INPUT RECORDS below:

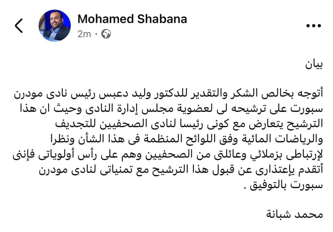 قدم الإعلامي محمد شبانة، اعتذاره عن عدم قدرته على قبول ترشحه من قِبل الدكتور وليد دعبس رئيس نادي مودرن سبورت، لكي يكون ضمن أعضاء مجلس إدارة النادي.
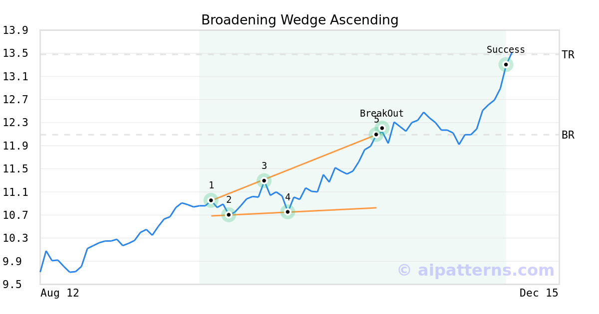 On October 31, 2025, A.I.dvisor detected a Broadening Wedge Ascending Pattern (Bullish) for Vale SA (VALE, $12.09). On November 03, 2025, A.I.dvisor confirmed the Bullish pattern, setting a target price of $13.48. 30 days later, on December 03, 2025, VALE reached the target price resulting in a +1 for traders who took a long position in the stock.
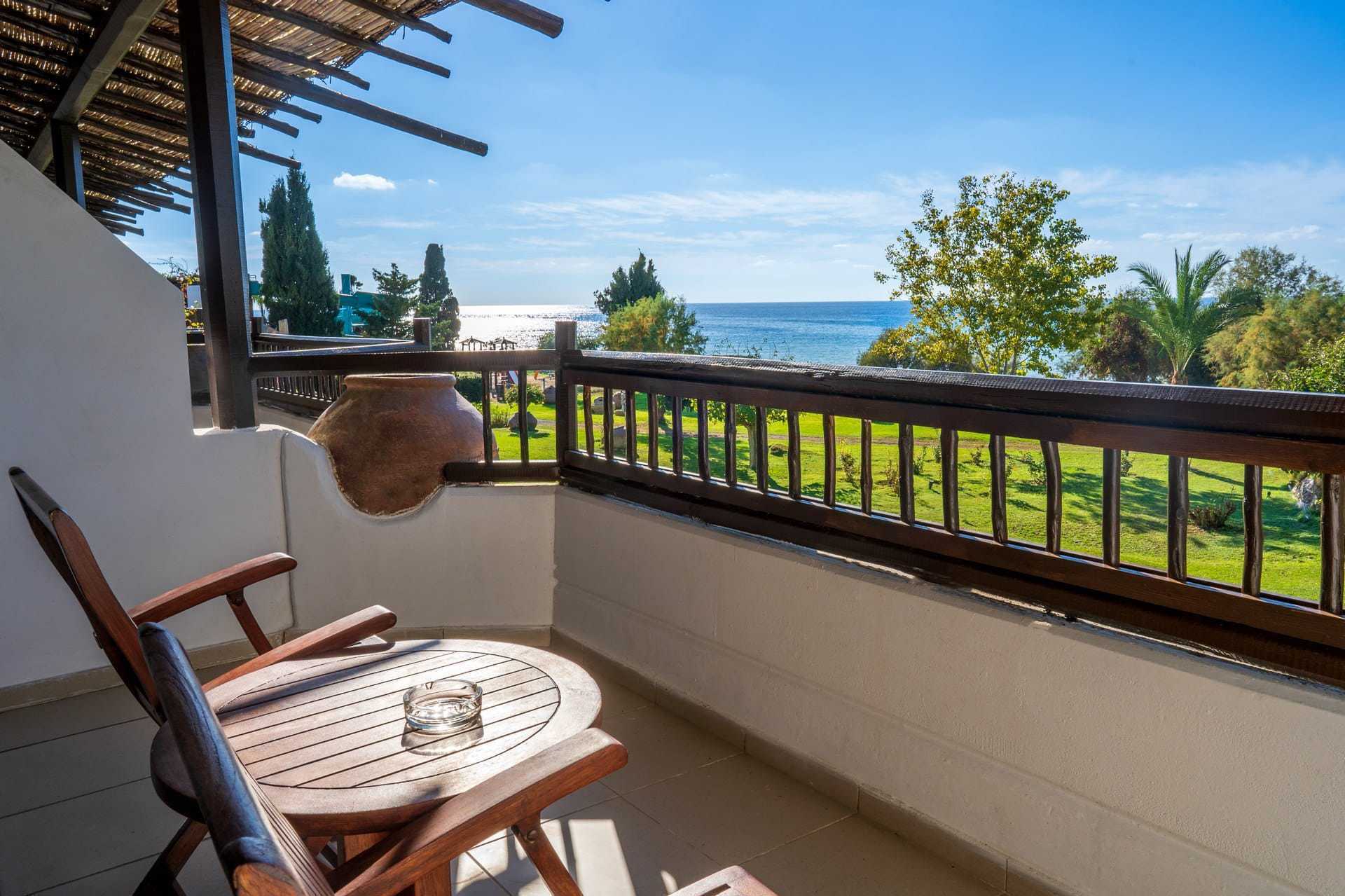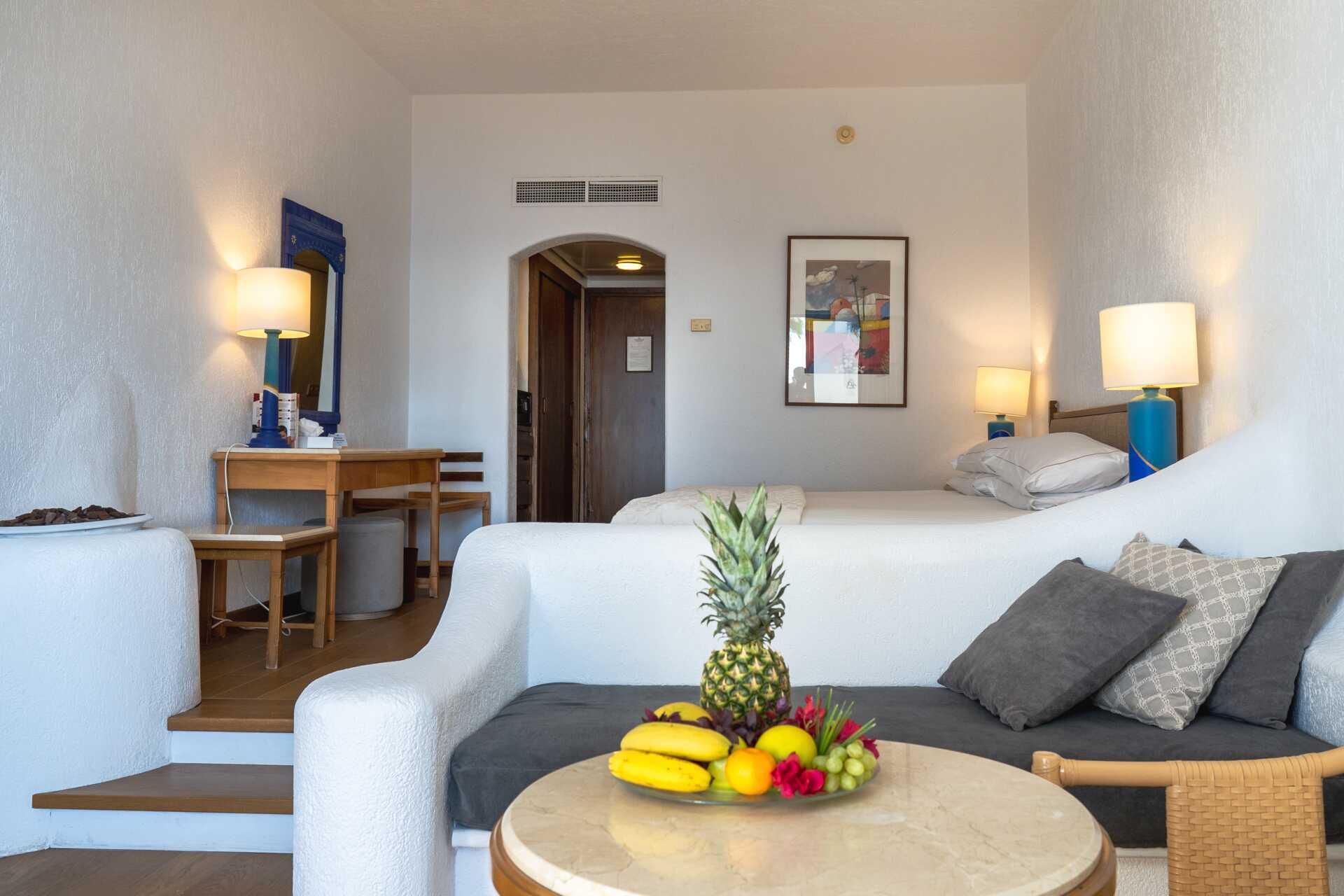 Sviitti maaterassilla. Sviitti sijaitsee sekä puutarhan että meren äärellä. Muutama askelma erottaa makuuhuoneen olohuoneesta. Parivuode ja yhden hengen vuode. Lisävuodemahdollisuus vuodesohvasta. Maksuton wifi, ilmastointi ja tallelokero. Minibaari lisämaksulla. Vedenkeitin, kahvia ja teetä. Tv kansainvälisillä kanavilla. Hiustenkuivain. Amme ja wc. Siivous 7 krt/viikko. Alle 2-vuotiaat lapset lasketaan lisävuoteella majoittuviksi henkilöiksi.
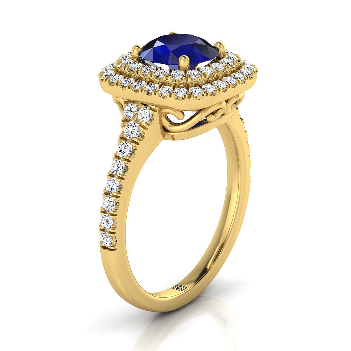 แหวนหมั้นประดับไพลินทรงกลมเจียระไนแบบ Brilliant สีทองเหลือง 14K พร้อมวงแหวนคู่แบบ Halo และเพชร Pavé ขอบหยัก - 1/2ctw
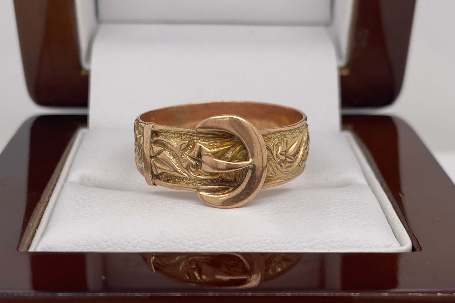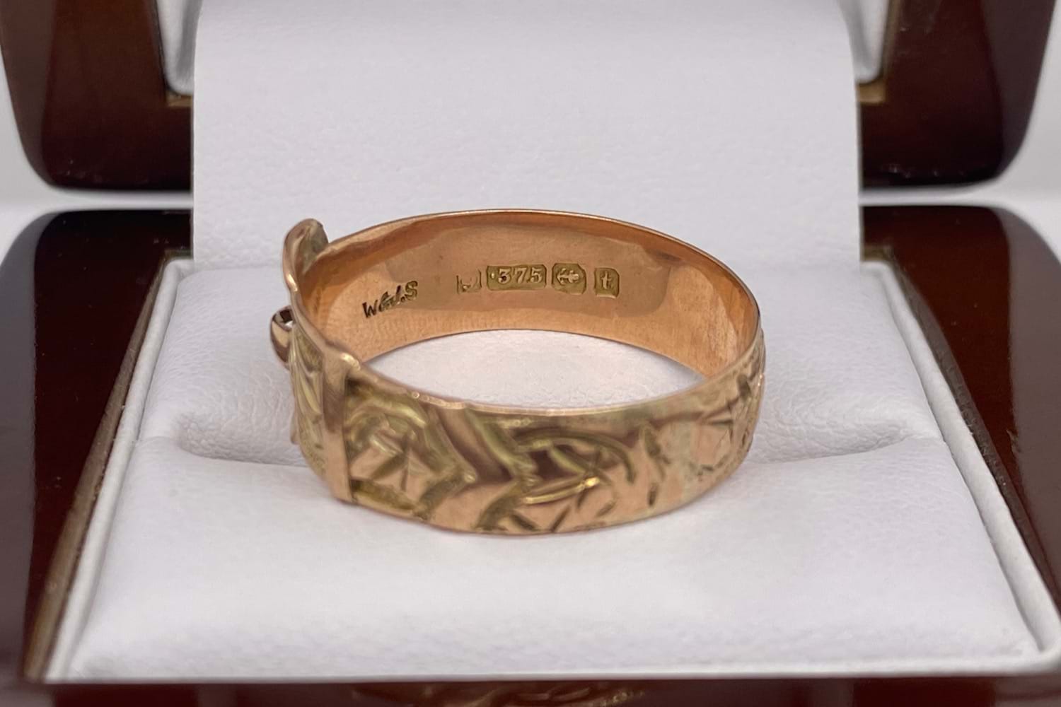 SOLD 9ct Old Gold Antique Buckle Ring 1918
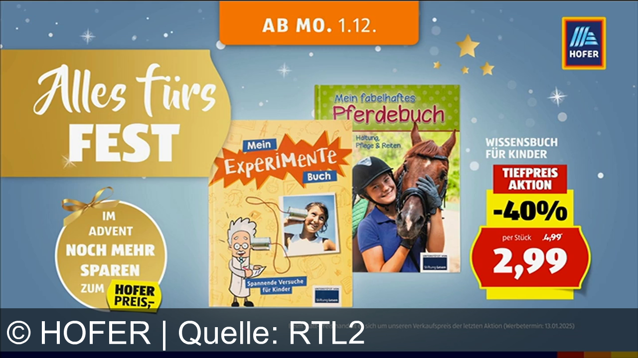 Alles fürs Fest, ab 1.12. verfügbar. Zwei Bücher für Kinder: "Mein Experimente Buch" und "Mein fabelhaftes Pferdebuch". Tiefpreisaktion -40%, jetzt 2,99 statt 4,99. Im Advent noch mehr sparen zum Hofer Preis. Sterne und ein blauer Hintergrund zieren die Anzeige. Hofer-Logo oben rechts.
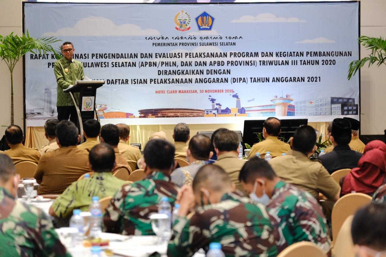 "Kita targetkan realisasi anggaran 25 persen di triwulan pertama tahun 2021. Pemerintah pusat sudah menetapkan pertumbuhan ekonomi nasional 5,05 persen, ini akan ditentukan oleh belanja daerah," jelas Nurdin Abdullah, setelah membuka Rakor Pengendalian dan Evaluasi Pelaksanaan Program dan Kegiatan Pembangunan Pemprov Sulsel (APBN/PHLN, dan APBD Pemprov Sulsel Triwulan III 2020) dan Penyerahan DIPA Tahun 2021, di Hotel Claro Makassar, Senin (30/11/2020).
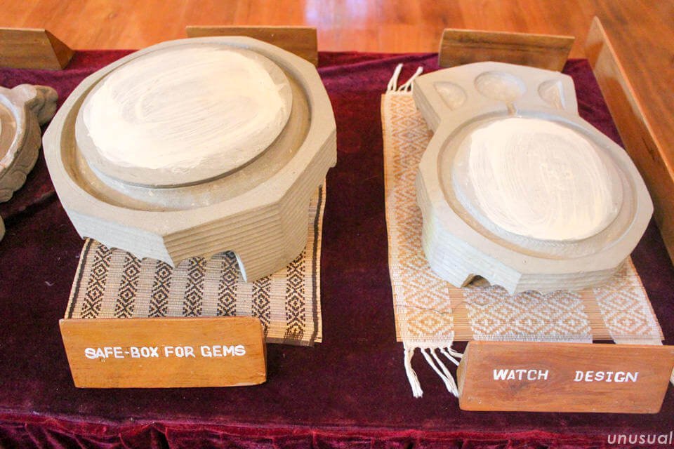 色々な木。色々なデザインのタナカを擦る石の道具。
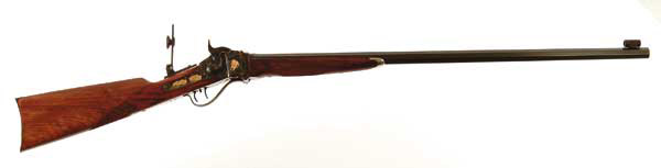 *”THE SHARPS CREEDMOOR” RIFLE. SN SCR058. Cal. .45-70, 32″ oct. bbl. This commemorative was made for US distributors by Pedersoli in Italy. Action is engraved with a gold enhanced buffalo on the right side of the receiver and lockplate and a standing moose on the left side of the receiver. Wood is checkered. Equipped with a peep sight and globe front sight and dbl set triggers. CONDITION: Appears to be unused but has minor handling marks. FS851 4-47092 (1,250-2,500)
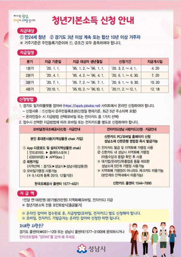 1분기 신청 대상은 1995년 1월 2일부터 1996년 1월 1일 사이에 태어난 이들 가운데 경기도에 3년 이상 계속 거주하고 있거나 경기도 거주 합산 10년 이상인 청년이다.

End of INPUT RECORDS.

TASK TO CARRY OUT: Copy exactly, please, the lines that run from the line holding "色々な木。色々なデザインのタナカを擦る石の道具。" through the closing line of the material above, omitting every picture.

ANSWER SECTION:
 色々な木。色々なデザインのタナカを擦る石の道具。
 *”THE SHARPS CREEDMOOR” RIFLE. SN SCR058. Cal. .45-70, 32″ oct. bbl. This commemorative was made for US distributors by Pedersoli in Italy. Action is engraved with a gold enhanced buffalo on the right side of the receiver and lockplate and a standing moose on the left side of the receiver. Wood is checkered. Equipped with a peep sight and globe front sight and dbl set triggers. CONDITION: Appears to be unused but has minor handling marks. FS851 4-47092 (1,250-2,500)
 1분기 신청 대상은 1995년 1월 2일부터 1996년 1월 1일 사이에 태어난 이들 가운데 경기도에 3년 이상 계속 거주하고 있거나 경기도 거주 합산 10년 이상인 청년이다.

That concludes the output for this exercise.